**Assignment**
From the entries that follow, copy exactly the lines beginning at the line holding "1-Used SPX/WAUKESHA CHERRY" and continuing through the line holding "Полки под принтер".

**Supplied data**

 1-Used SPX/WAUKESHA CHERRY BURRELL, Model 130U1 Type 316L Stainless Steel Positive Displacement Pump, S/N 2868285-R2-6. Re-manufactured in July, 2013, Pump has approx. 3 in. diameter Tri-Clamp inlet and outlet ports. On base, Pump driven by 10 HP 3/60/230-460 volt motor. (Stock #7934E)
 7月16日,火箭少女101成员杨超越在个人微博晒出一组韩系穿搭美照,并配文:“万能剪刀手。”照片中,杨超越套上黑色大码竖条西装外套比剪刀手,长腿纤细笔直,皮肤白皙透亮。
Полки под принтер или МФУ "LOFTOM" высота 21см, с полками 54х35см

...

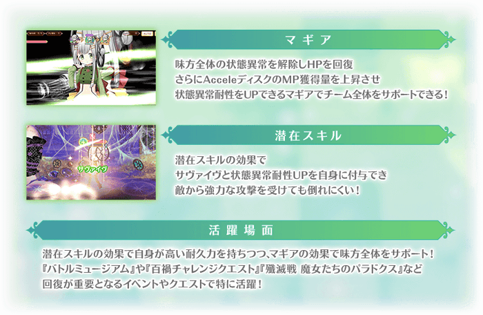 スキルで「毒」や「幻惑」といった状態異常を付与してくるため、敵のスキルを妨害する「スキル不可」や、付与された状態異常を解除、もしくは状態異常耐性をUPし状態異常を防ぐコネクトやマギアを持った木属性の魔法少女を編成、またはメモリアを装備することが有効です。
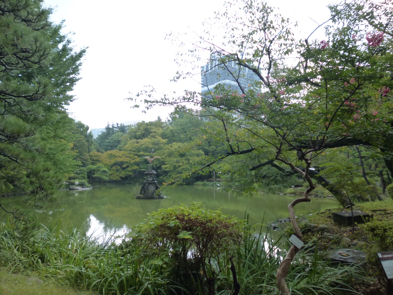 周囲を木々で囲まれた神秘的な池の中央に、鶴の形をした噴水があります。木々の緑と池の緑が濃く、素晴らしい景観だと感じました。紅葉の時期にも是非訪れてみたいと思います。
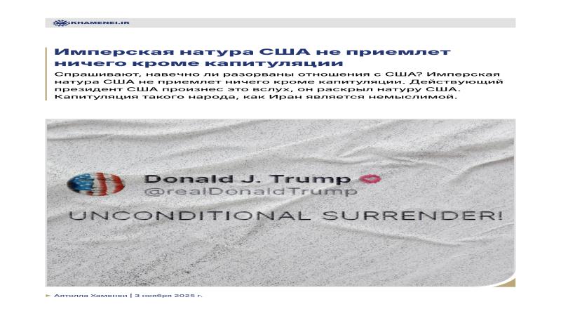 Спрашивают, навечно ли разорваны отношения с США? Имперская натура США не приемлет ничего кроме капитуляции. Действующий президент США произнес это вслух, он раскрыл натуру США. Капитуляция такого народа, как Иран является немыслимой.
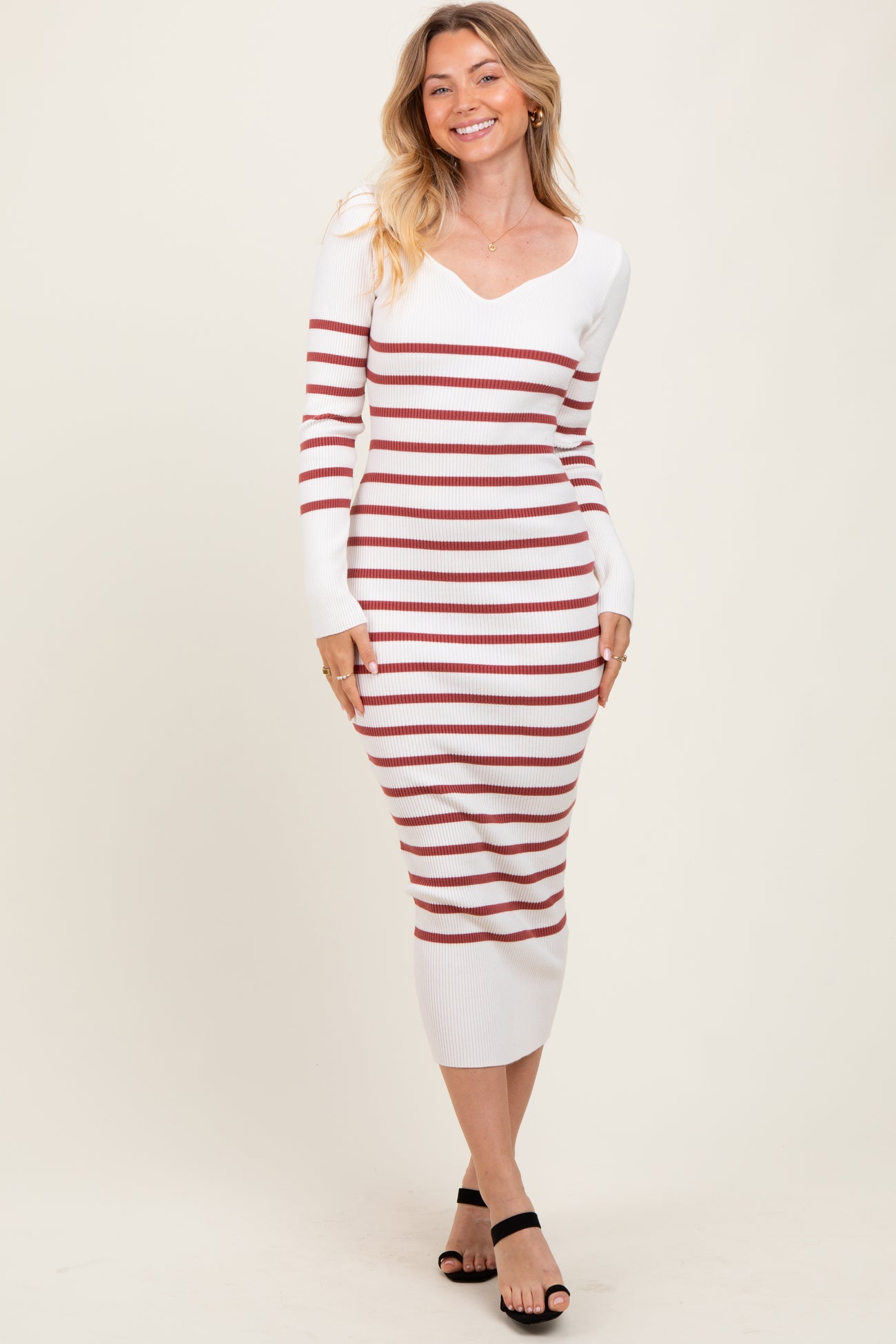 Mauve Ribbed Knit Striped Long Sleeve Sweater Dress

* * *

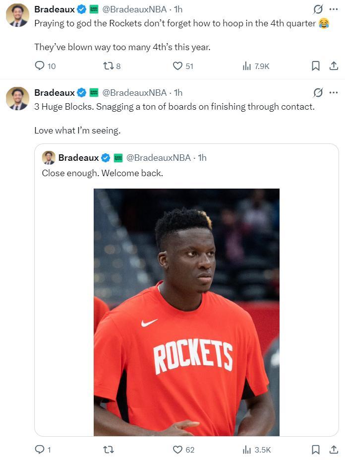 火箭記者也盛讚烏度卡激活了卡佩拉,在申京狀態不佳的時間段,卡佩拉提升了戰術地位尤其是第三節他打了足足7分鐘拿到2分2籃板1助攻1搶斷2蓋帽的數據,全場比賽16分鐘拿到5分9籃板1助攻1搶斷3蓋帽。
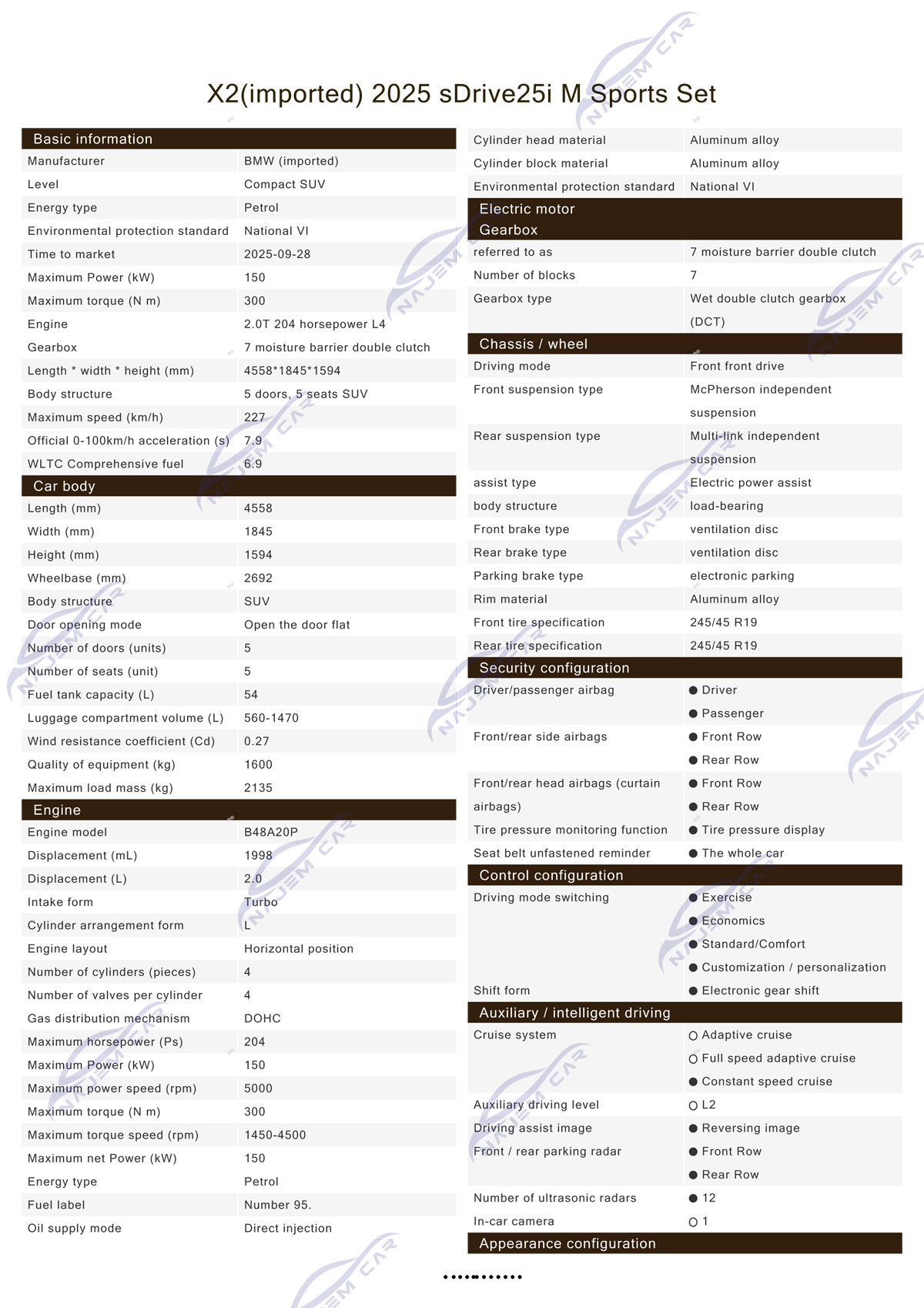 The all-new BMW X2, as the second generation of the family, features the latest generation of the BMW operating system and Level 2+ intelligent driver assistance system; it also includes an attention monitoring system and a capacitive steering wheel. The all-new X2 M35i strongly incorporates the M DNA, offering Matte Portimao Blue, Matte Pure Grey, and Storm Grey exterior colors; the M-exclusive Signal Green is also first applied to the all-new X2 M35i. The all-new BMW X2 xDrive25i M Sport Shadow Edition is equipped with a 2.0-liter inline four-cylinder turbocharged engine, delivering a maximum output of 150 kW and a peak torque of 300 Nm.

**Response to this exercise**
 1-Used SPX/WAUKESHA CHERRY BURRELL, Model 130U1 Type 316L Stainless Steel Positive Displacement Pump, S/N 2868285-R2-6. Re-manufactured in July, 2013, Pump has approx. 3 in. diameter Tri-Clamp inlet and outlet ports. On base, Pump driven by 10 HP 3/60/230-460 volt motor. (Stock #7934E)
 7月16日,火箭少女101成员杨超越在个人微博晒出一组韩系穿搭美照,并配文:“万能剪刀手。”照片中,杨超越套上黑色大码竖条西装外套比剪刀手,长腿纤细笔直,皮肤白皙透亮。
Полки под принтер или МФУ "LOFTOM" высота 21см, с полками 54х35см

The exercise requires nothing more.